=== Section Start ===

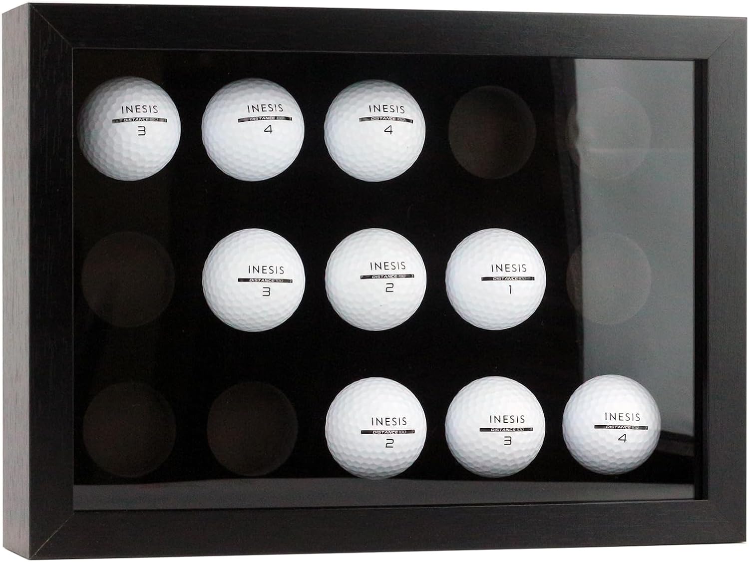Golf Balls Display Case for 15 Balls, Wooden Case with Acrylic Dust UV Cover, Wall Mount and Freestanding Shadow Box for Glofball Collector Memorabilia Autograph Balls
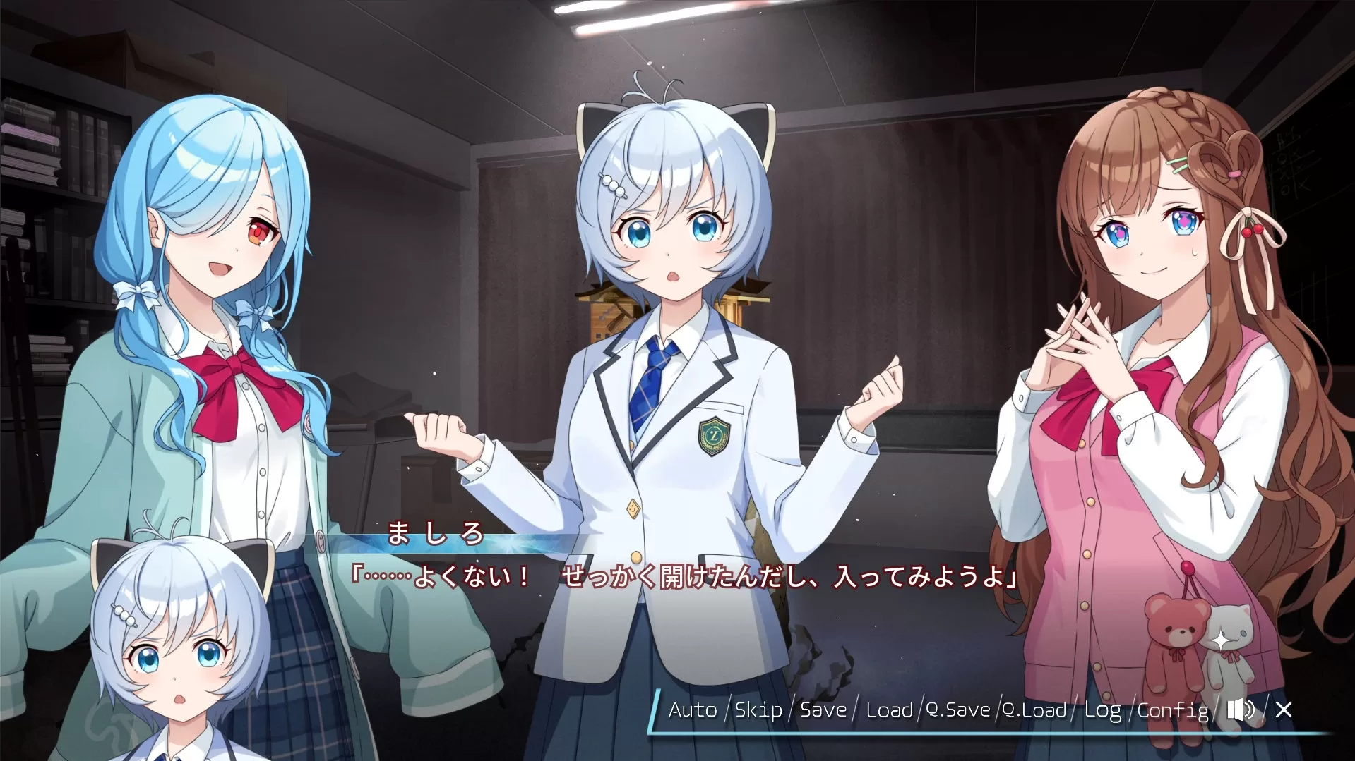 本作は2026年3月26日(木)に発売のVTuberプロダクション「.LIVE」所属のVTuber3名、「電脳少女シロ」「花京院ちえり」「ヤマト イオリ」の3名がヒロイン役を務めるホラー学園コメディADVです。
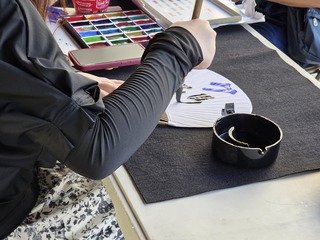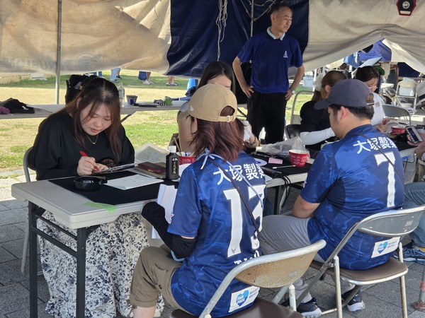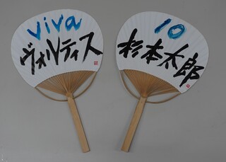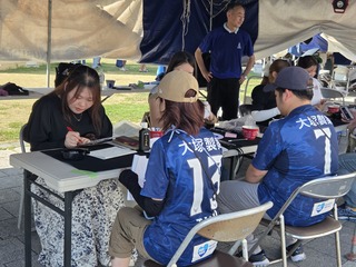 令和7年8月30日(土)、鳴門・大塚スポーツパークで「2025明治安田生命J2リーグ 徳島ヴォルティスVSブラウブリッツ秋田」が実施されました。同日同会場でホームゲームイベント「徳島市民デー」も開催され、徳島市ブースで、本学の書道文化学科学生3名が、、うちわへ応援メッセージを揮毫するワークショップを行いました。
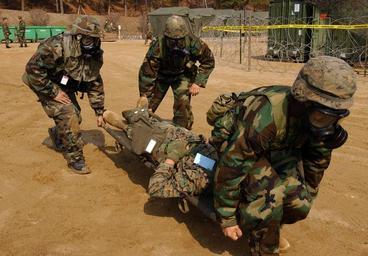 Keywords: US Navy 050322-N-7027P-119 U.S. Marines assigned to the 3rd Marine Expeditionary Force, perform a casualty decontamination drill at Third Republic of Korea Army Base during Reception, Staging, Onward movement, and Integration-F.jpg en Yogin Republic of Korea Mar 22 2005 U S Marines assigned to the 3rd Marine Expeditionary Force perform a casualty decontamination drill at Third Republic of Korea Army Base during Reception Staging Onward movement and Integration/Foal Eagle exercises RSO I/Foal Eagle RSO I is a complex multi-phase exercise conducted annually tailored to train test and demonstrate United States and Republic of Korea force projection and deployment capabilities Foal Eagle exercise runs simultaneously and trains in all aspects of Combined Forces Command's mission U S Navy photo by Photographer's Mate 2nd Class Sandra M Palumbo RELEASED 2005-03-22 050322-N-7027P-119 Navy http //www navy mil/view_image asp id 22939 U S Navy photo by Photographer's Mate 2nd Class Sandra M Palumbo PD-USGov-Military-Navy Images from US Navy location Yogin Republic of Korea Foal Eagle 2005 M40 Field Protective Mask Casualty movement III Marine Expeditionary Force |
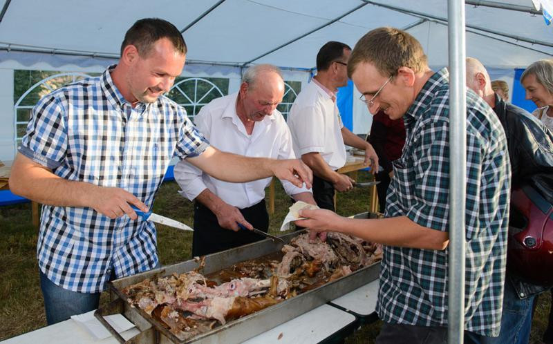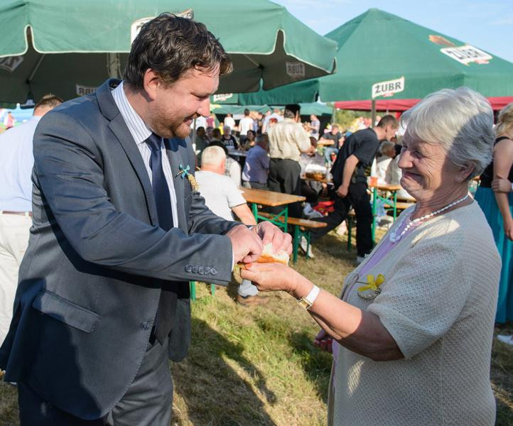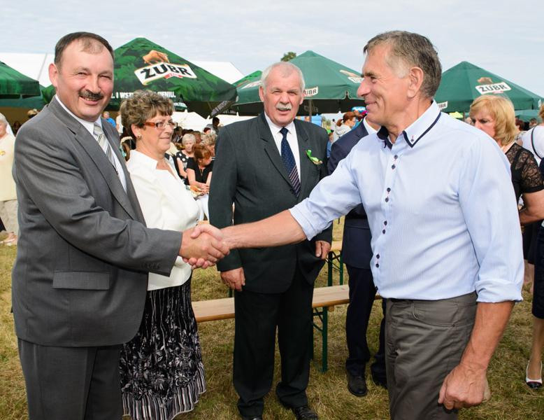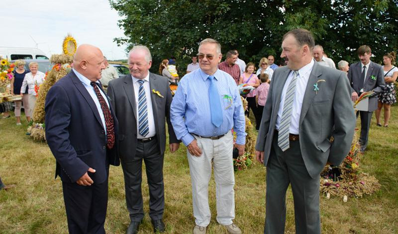 Starostowie tegorocznych Dożynek Gminnych Pan Tadeusz Kołaczek z Bielkowa i Pani Maria Łańko wraz z Burmistrzem Gminy i Miasta Sianów Maciejem Berlickim podzielili się chlebem ze wszystkimi sołectwami z terenu Gminy i Miasta Sianów.
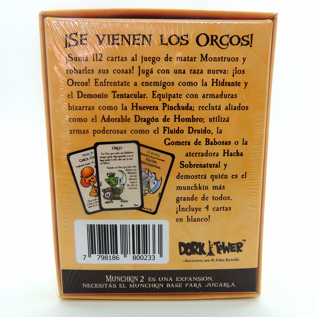 - ¡Sumá 115 cartas al juego de matar monstruos y robarles sus cosas! Jugá con una raza nueva: ¡los Orcos! Enfrentate a enemigos como la Hidrante y el Demonio Tentacular. Equipate con armaduras bizarras como la Huevera Pinchuda; reclutá aliados como el Adorable Dragón de Hombro; utilizá armas poderosas como el Fluido Druido, la Gomera de Babosas o la aterradora Hacha Sobrenatural y demostrá quién es el munchkin más grande de todos. ¡Incluye 4 cartas en blanco!
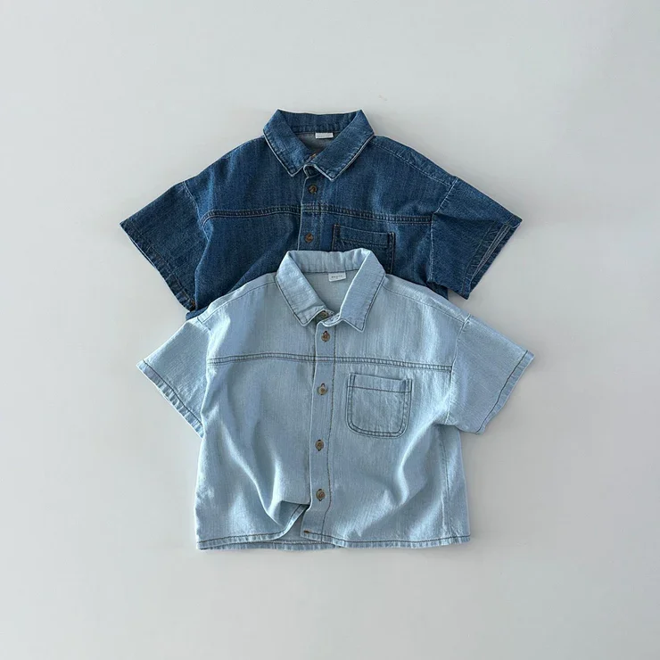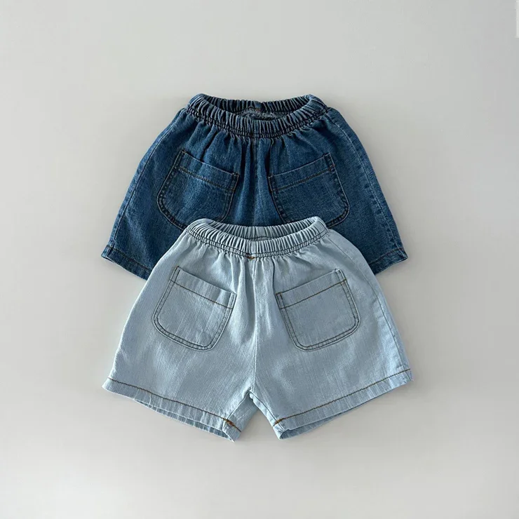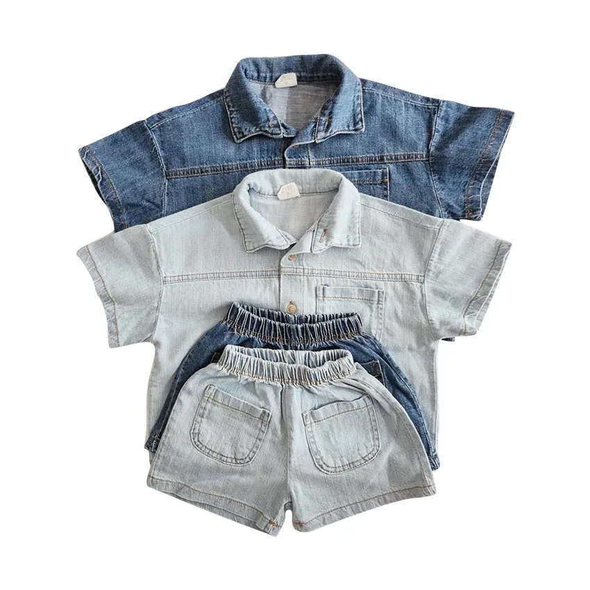 Wholesale Baby Clothes Sets Short Sleeves Neutral Baby Toddler Short Sleeve Denim Outfit Sets for Summer

=== Section End ===

**Task item:** Only one stretch of the material above is wanted: the line containing "本作は2026年3月26日(木)に発売の" through the line containing "令和7年8月30日(土)、鳴". Restate it word for word, minus the pictures.

**Task answer:**
 本作は2026年3月26日(木)に発売のVTuberプロダクション「.LIVE」所属のVTuber3名、「電脳少女シロ」「花京院ちえり」「ヤマト イオリ」の3名がヒロイン役を務めるホラー学園コメディADVです。
 令和7年8月30日(土)、鳴門・大塚スポーツパークで「2025明治安田生命J2リーグ 徳島ヴォルティスVSブラウブリッツ秋田」が実施されました。同日同会場でホームゲームイベント「徳島市民デー」も開催され、徳島市ブースで、本学の書道文化学科学生3名が、、うちわへ応援メッセージを揮毫するワークショップを行いました。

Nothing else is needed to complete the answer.